In terms of the distribution of diagnoses, the rate of dysthymia in our study was quite low when compared with other studies, even though it was found to be higher than in the national survey (11.5% versus 8.8% in the national survey),2 which may be due to the poor validity of the Thai MINI instrument with regard to diagnosis of dysthymia (Cohen’s kappa only 0.2).23 In terms of future research, another instrument, such as the Structured Clinical Interview for DSM-IV Axis I Disorders dysthymia module, may be added to the MINI to ensure a better dysthymia diagnosis.

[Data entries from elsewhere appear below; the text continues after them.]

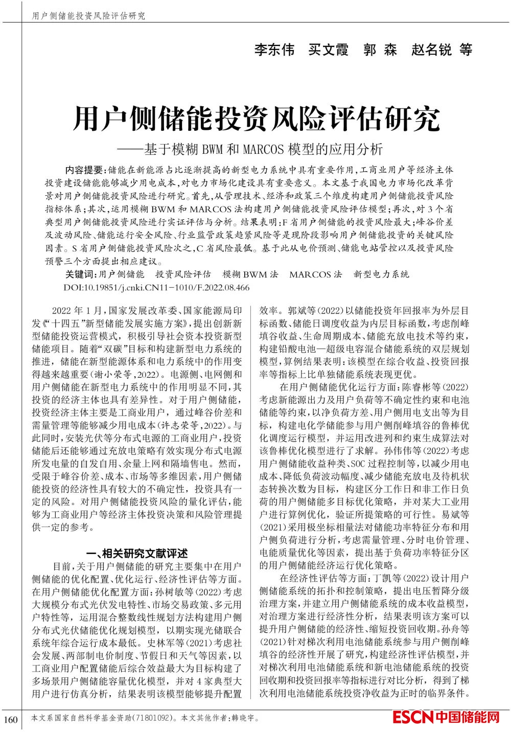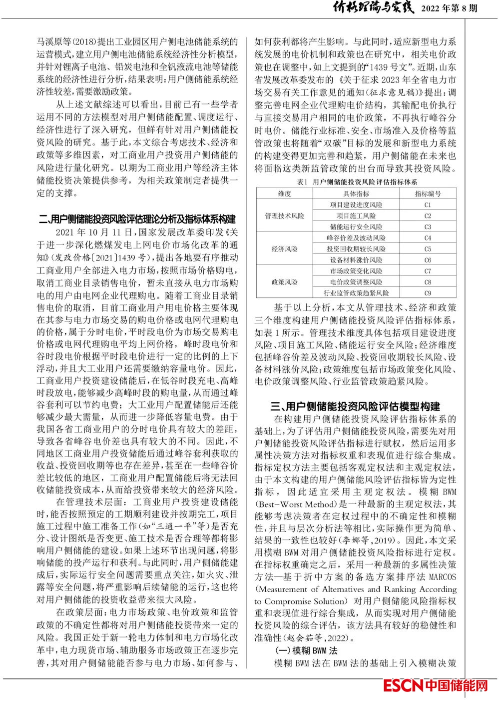 用戶側(cè)儲能投資風(fēng)險(xiǎn)評估研究
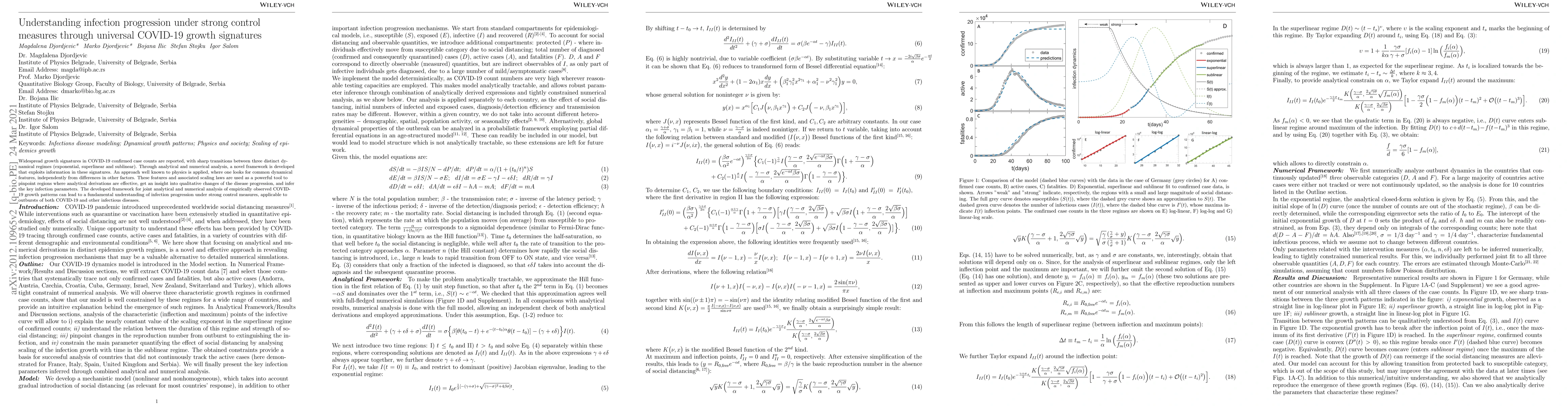Widespread growth signatures in COVID-19 confirmed case counts are reported, with sharp transitions between three distinct dynamical regimes (exponential, superlinear and sublinear). Through analytical and numerical analysis, a novel framework is developed that exploits information in these signatures. An approach well known to physics is applied, where one looks for common dynamical features, independently from differences in other factors. These features and associated scaling laws are used as a powerful tool to pinpoint regions where analytical derivations are effective, get an insight into qualitative changes of the disease progression, and infer the key infection parameters. The developed framework for joint analytical and numerical analysis of empirically observed COVID-19 growth patterns can lead to a fundamental understanding of infection progression under strong control measures, applicable to outbursts of both COVID-19 and other infectious diseases.
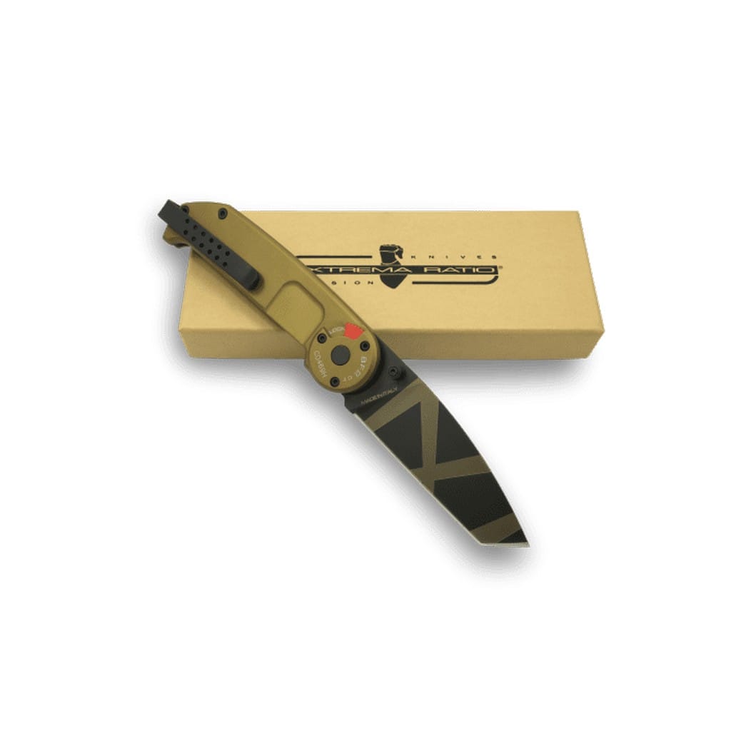 Extrema Ratio BF2 to pełnowymiarowy folder EDC do codziennego użytku. Jego wytrzymała konstrukcja o taktycznym wyglądzie sprawdzi się w ręku żołnierza lub policjanta oraz usatysfakcnonuje miłośnika militariów. Głownia o profilu Tanto, świetnie nadająca się również do pchnięć, została wykonana z austriackiej stali nierdzewnej Bohler N690 o twardości 58 HRC. Charakteryzuje się wysoką odpornością na korozję i długim trzymaniem ostrości. W celu zabezpieczenia jej przed zarysowaniami i negatywnym działaniem czynników zewnętrznych pokryto ją czarną, matową powłoką z grawerowanym laserowo pustynnym kamuflażem Desert Warfare. Obustronny kołek na klindze służy do sprawnego rozkładania noża jedną ręką. Mechanizm Liner Lock, dodatkowo wspierany ręczną blokadą, dba o bezpieczeństwo podczas pracy, chroniąc przed przypadkowym złożeniem się narzędzia, gdy jest w użyciu. Rękojeść z anodowanego na brązowo aluminium, któremu model zawdzięcza niedużą wagę, posiada ergonomiczne wyprofilowanie na palec poprawiające przyczepność do dłoni. Całość uzupełnia dwupozycyjny klips mocujący do głębokiego i dyskretnego przenoszenia foldera w kieszeni spodni lub przy wyposażeniu. Extrema Ratio to włoska manufaktura z siedzibą w Prato, w regionie Toskanii. Firma od 1997 roku mistrzowsko projektuje niesamowicie mocne noże taktycznie i myśliwskie, które nie mają sobie równych w przemyśle militarnym. Produkcja opiera się jedynie na wysokiej jakości materiałach i najnowocześniejszych technologiach. Co w połączeniu z tradycyjnym rzemiosłem i ręcznym wykończeniem każdego egzemplarza tworzy produkt spełniający najostrzejsze normy wojskowe.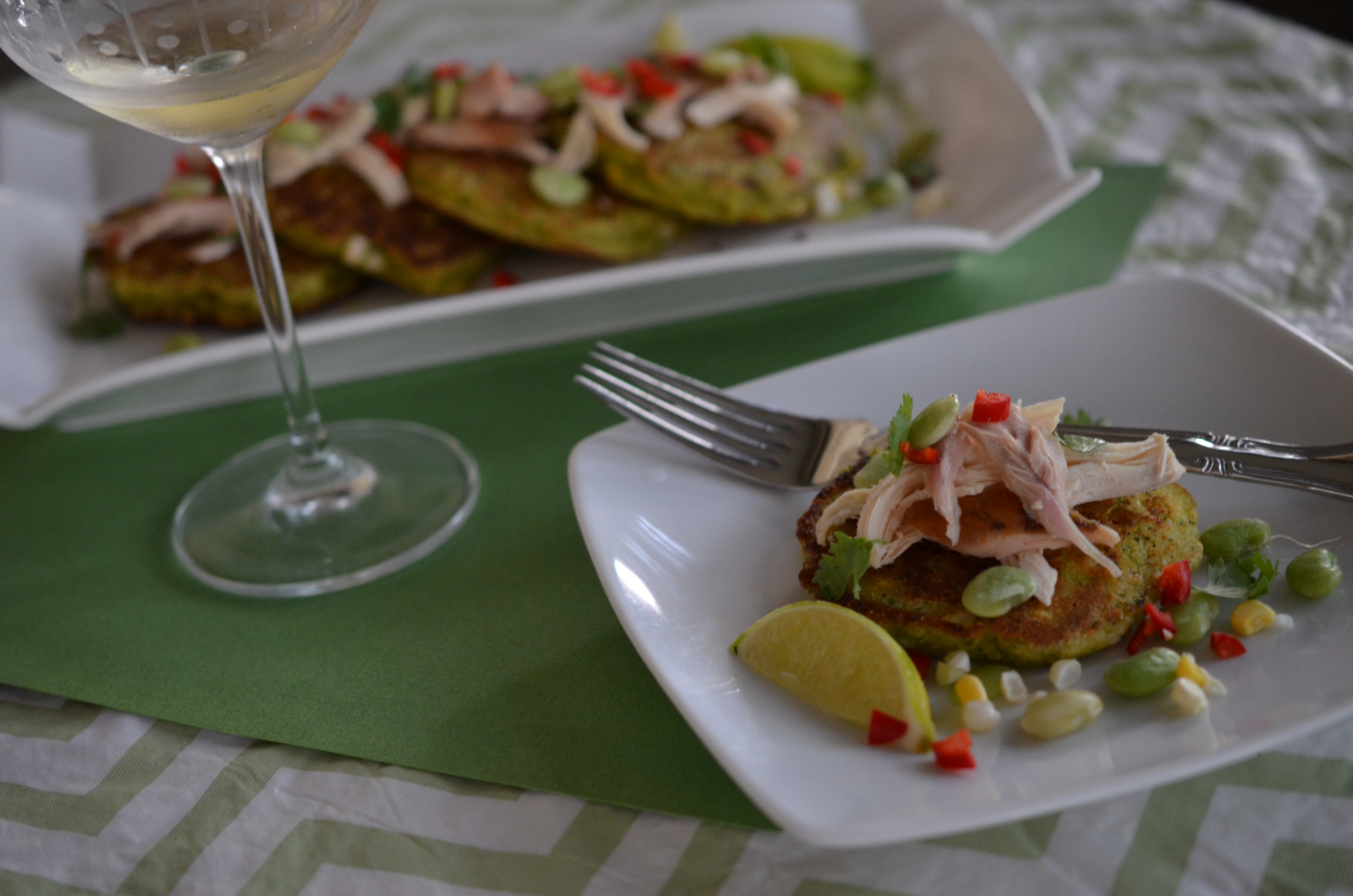 Maybe you can tell I like Southwest/Mexican food- Mexican Shrimp Ceviche, Mexican Corn and Poblano Chowder, Texas Caviar, Spanish Turkey Meatball Stew or even Peanut Butter Stuffed Jalapeños. Pretty much, if it has cilantro I am guaranteed to love it. My husband knows that after a bad day for me, chips and salsa are the best Band-Aid. The good kind of salsa, fresh loaded with cilantro with warm thin salted corn tortilla chips. So admittedly, I am a sucker when I see dishes with cilantro or Mexican/Latin flavor profiles. Enter these irresistible southwest spiced corn cakes.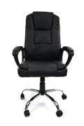 Ervaar ultiem comfort en stijl met deze luxe comfortabele bureaustoel, perfect voor zowel thuis als op kantoor. De goedgevulde kussens, armsteunen en rugleuning zorgen voor een uitstekende zithouding en bieden essentiële ondersteuning aan de onderrug en nek. Het 5-assige verchroomde frame met zwenkwielen maakt deze stoel niet alleen functioneel, maar ook een elegante toevoeging aan je werkruimte. Het zwarte kunstleer is eenvoudig schoon te maken, en de zachte rubberen wielen beschermen je vloer tegen krassen. Met de ingebouwde gasveer pas je moeiteloos de hoogte aan voor de perfecte zitervaring.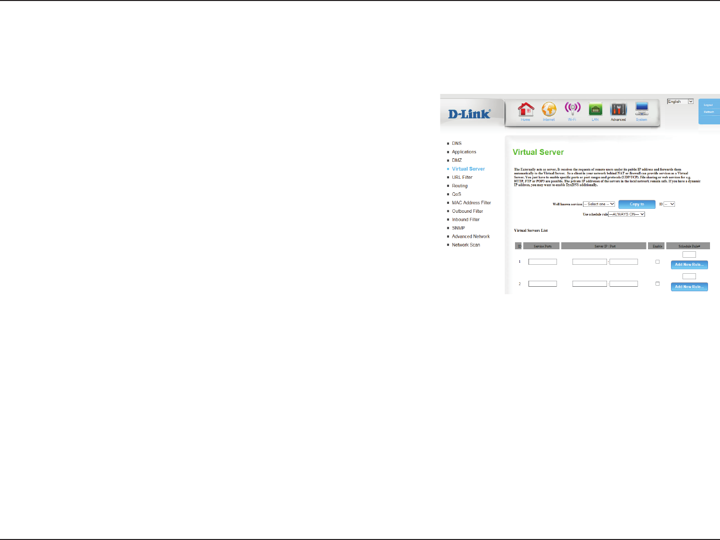 The device can be congured as a virtual server so that users can access services such as Web or FTP via the public (WAN) IP address of the router.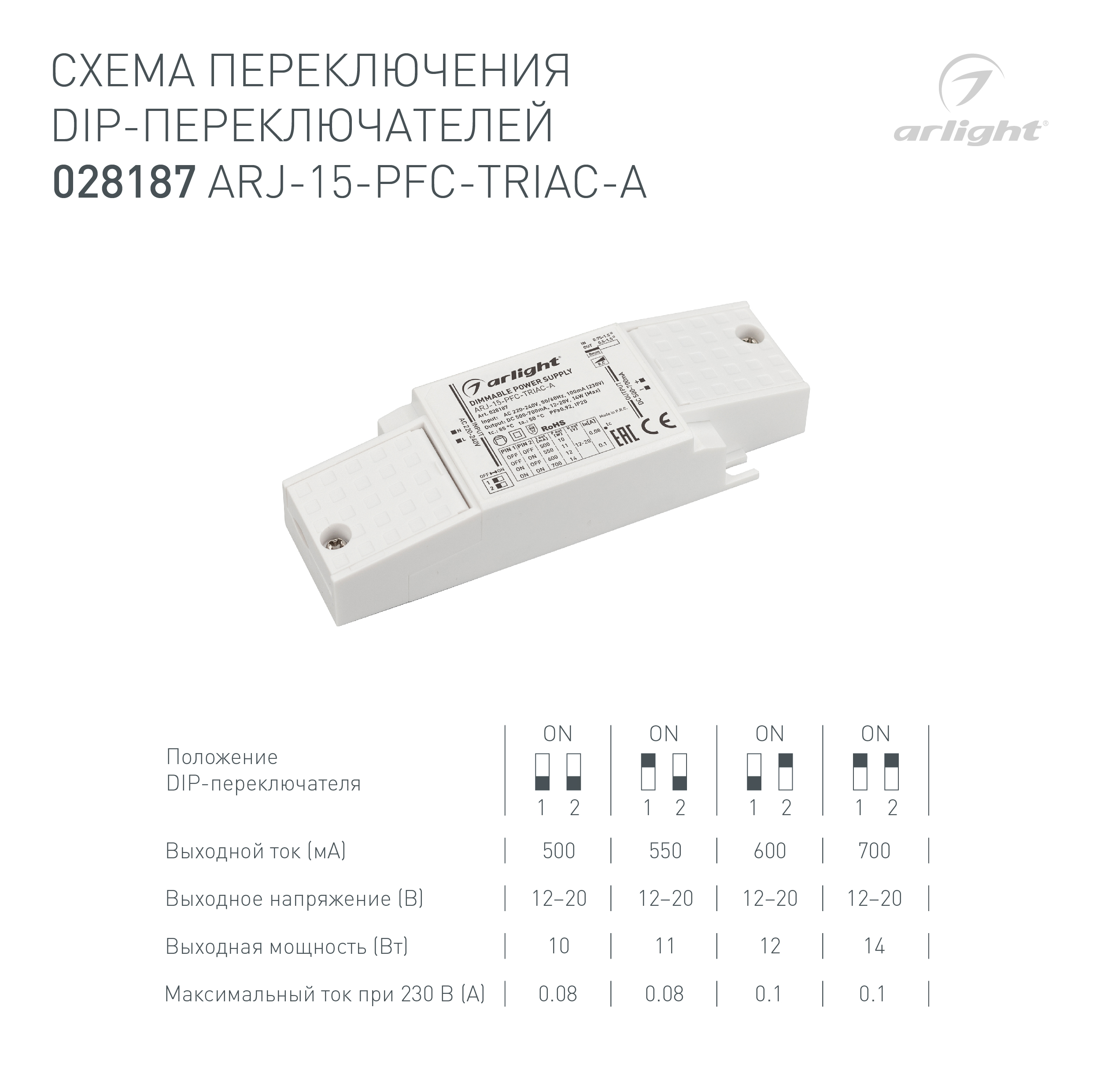 Характеристики - Блок питания ARJ-15-PFC-TRIAC-A (14W, 500-700mA) (Arlight, IP20 Пластик, 5 лет)
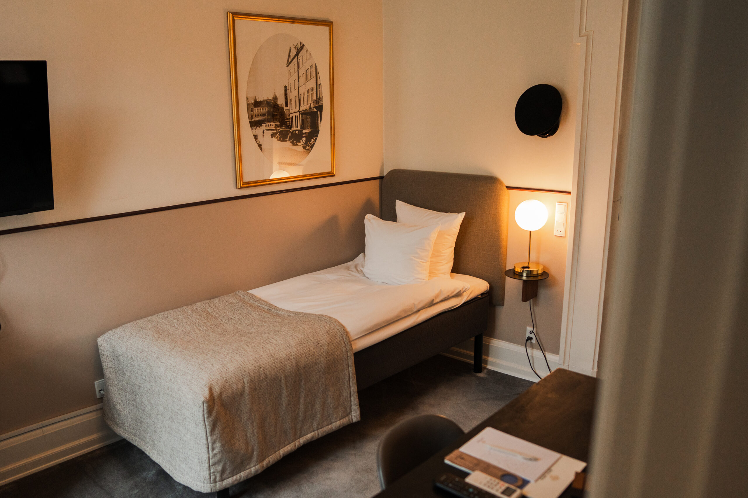 Vores Queen’s Single værelser er ca. 20 m2 i gennemsnit, udstyret med en behagelig enkeltseng og naturligvis med eget bad og toilet samt gratis Wi-Fi.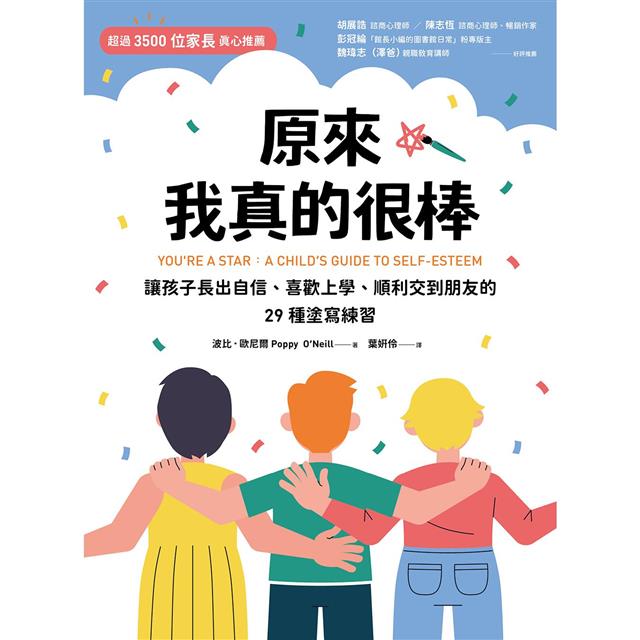波比.歐尼爾(Poppy O’Neill)所著的《原來我真的很棒:讓孩子長出自信、喜歡上學、順利交到朋友的 29 種塗寫練習》是一本出色的練習本,文字淺顯易懂,又有可愛的角色、有趣的活動可以吸引孩子,協助他們理解自我價值。這本書中穿插了許多活動,讓孩子可以覺察到情緒,並在思考的過程中給他們力量和信心,把視線和注意力都聚焦於自己所具備的優勢與資源,並且支持他們一小步、一小步地嘗試以前沒做過的行為,讓他們的恐懼和緊張都可防、可控。這本書協助孩子理解、重視自己與別人的獨特之處,支持他們分辨真正的友誼與虛偽的人際關係。本書探討了身體形象等重要的議題,也提到健康的生活方式對幸福有多麼重要。書中還教孩子認識冥想與正念,透過身體和感官直接連結當下的體驗,讓孩子學會如何輕鬆地體會內在具備的平靜與喜悅。

With respect to past history of suicide attempts, our study produced similar results to those of the South Korean study (26% versus 21%, respectively),36 both of which are higher scores than those recorded by Claassen et al in the USA (16.5%).40 The rate of recurrent suicidality episodes was found to be higher in our study than in the 2008 national survey in Thailand,2 which was carried out in a primary care setting (and for which the results were 2.4% for the current rate and 0.7% for the recurrent rate).2 This may have been because our research settings were university hospitals, to which patients are often referred from primary care or secondary care hospitals.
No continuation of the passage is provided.